# [To do]
Within the records below is a range that opens at the line with "Купить Коврик для" and closes at the line with "Кашпо для комнатных". Return that range word for word, both ends included, and only that range.

# [Records supplied]
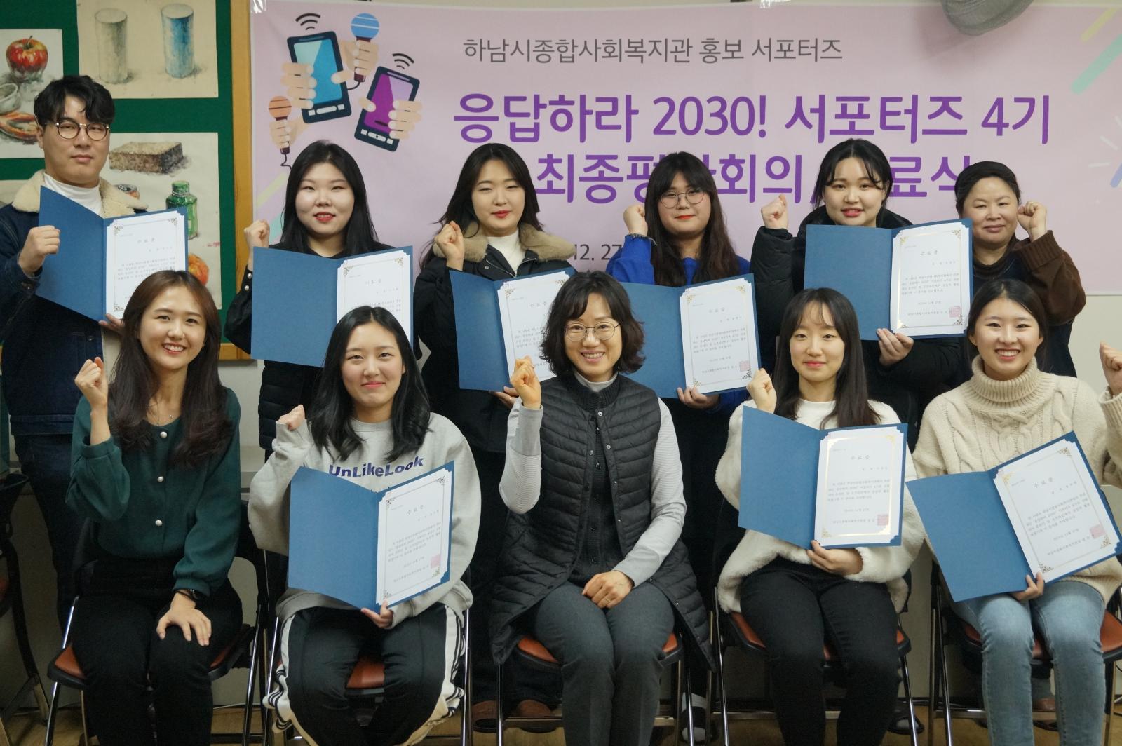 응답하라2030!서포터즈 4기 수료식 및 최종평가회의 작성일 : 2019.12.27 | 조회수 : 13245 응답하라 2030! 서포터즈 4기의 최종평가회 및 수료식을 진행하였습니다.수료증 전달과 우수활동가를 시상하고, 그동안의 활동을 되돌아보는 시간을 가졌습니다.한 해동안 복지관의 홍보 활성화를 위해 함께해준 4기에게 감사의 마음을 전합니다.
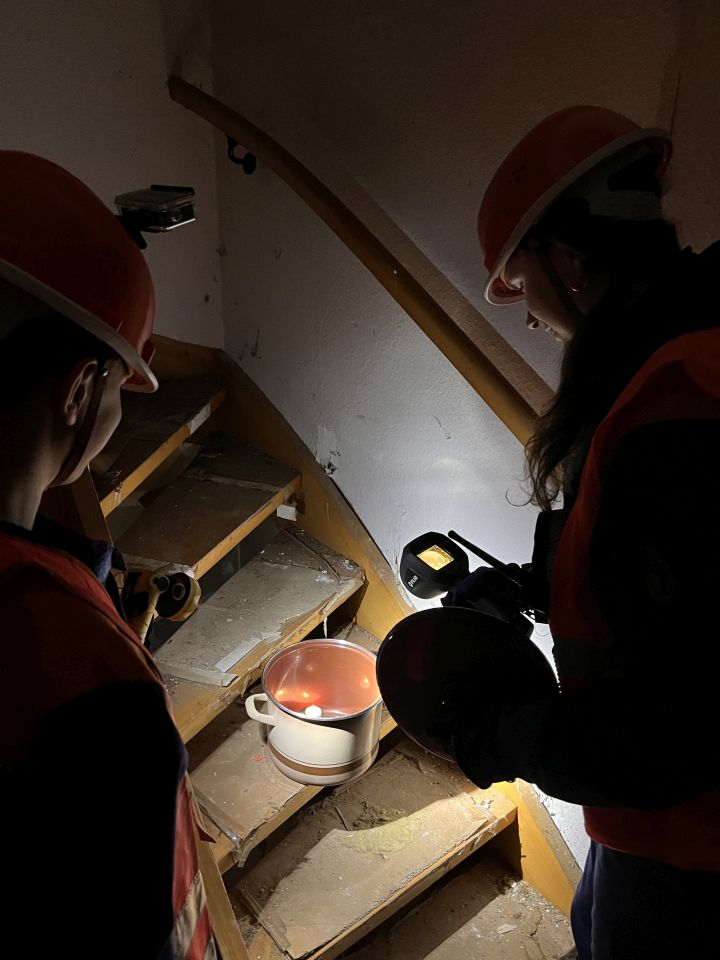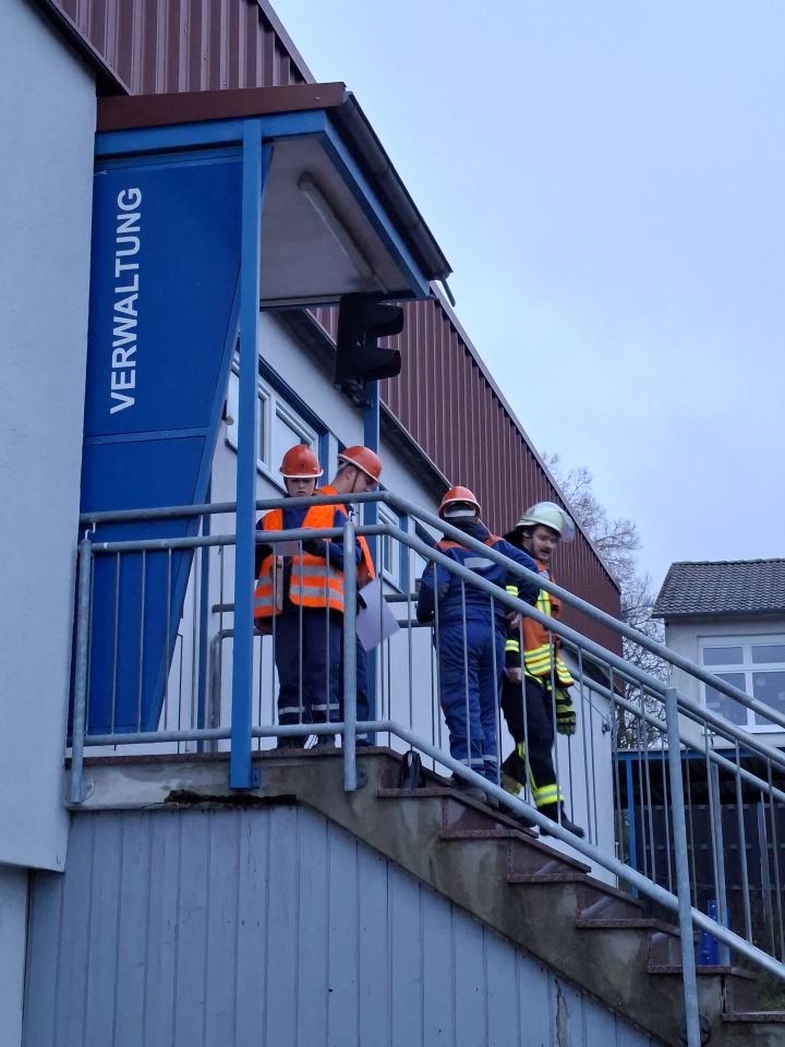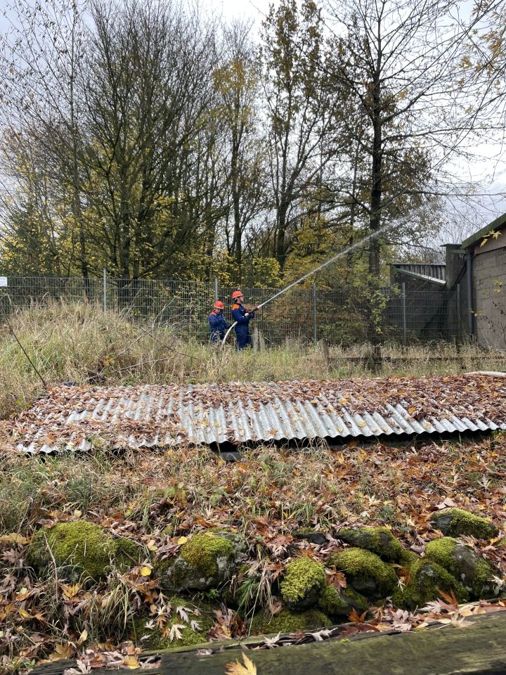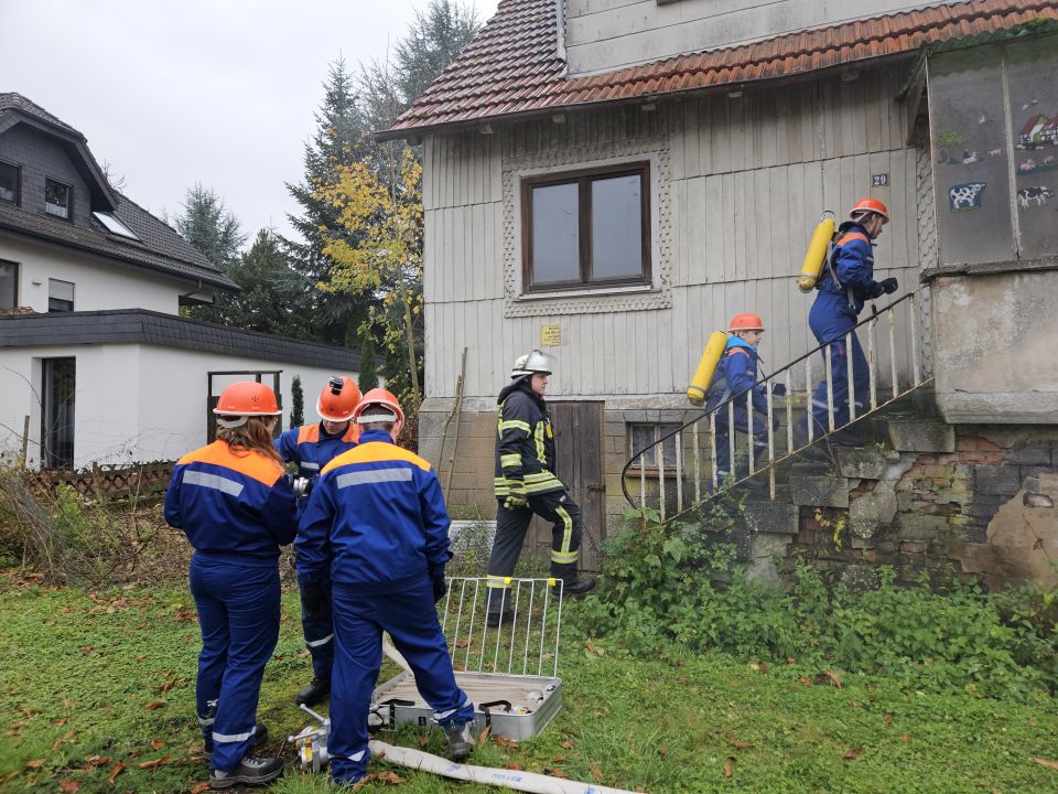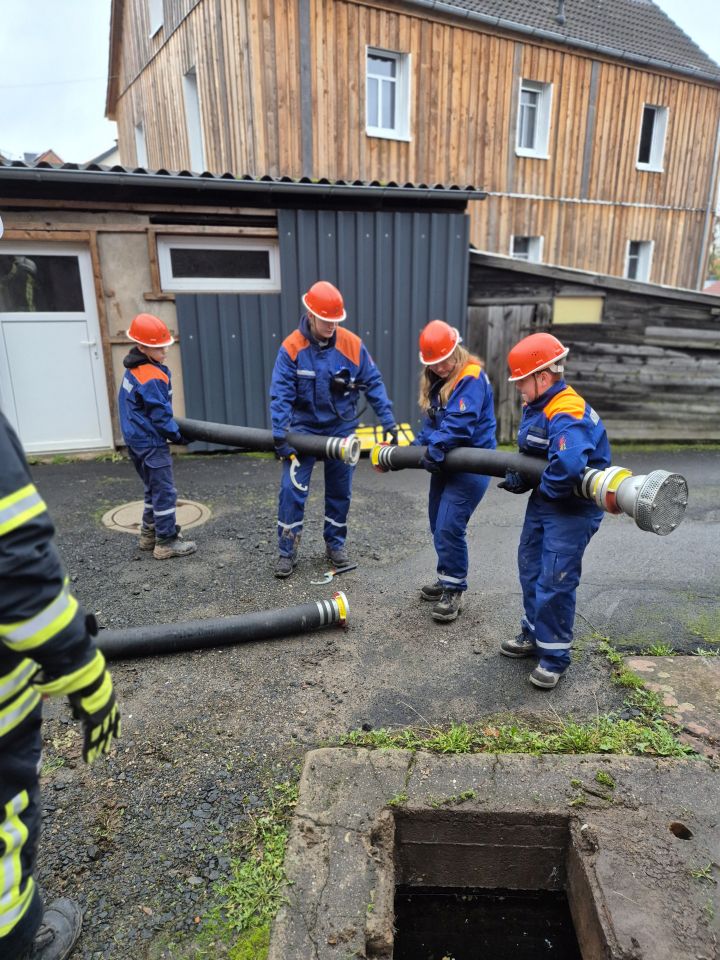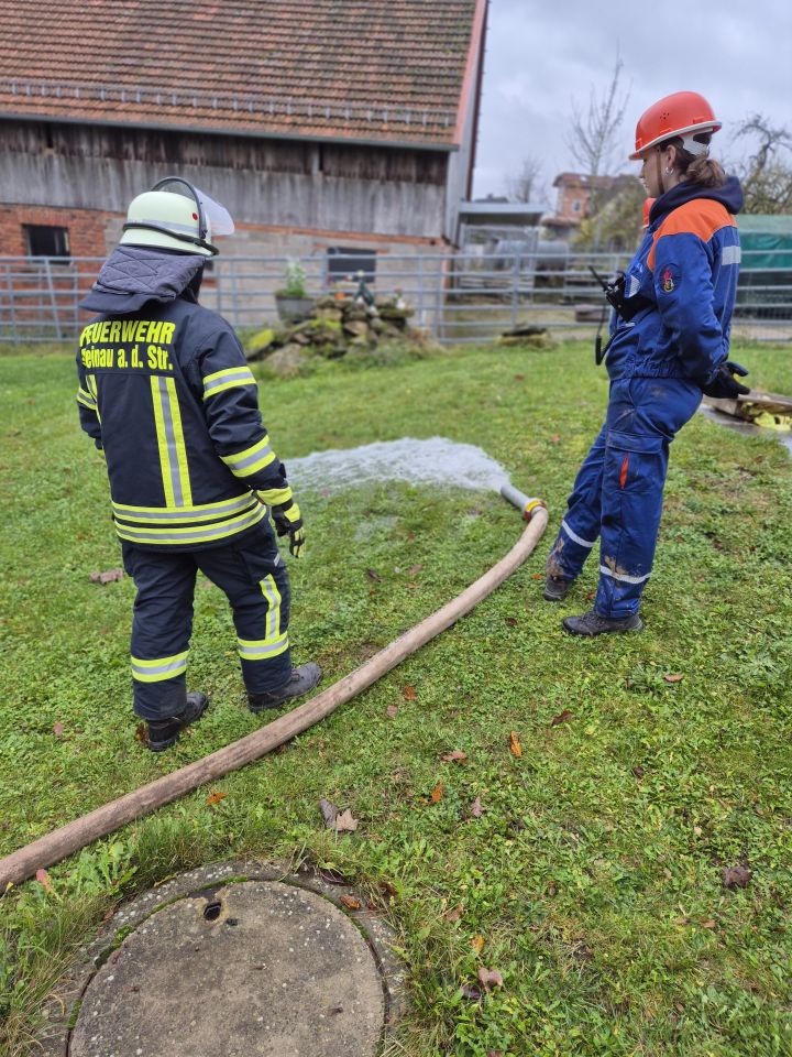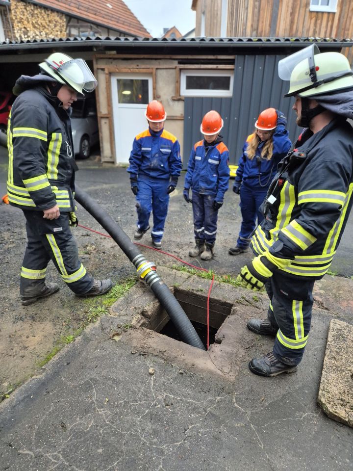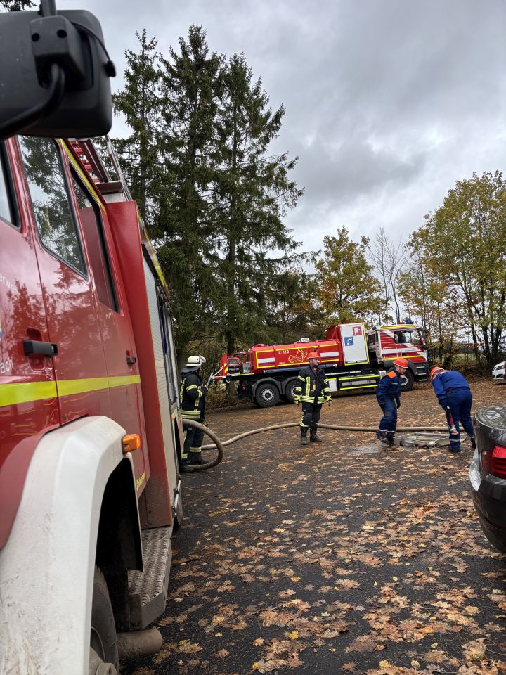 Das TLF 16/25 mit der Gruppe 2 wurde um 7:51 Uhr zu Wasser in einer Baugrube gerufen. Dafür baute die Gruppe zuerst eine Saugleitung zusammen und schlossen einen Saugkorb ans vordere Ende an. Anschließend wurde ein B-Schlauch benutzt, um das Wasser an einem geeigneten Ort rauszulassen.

...

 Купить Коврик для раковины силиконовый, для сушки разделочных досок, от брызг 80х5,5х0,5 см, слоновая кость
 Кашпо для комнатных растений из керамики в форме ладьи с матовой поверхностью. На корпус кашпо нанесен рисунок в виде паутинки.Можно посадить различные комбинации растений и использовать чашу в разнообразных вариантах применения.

* * *

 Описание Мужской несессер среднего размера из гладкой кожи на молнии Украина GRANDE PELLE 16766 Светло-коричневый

# [Worked solution]
 Купить Коврик для раковины силиконовый, для сушки разделочных досок, от брызг 80х5,5х0,5 см, слоновая кость
 Кашпо для комнатных растений из керамики в форме ладьи с матовой поверхностью. На корпус кашпо нанесен рисунок в виде паутинки.Можно посадить различные комбинации растений и использовать чашу в разнообразных вариантах применения.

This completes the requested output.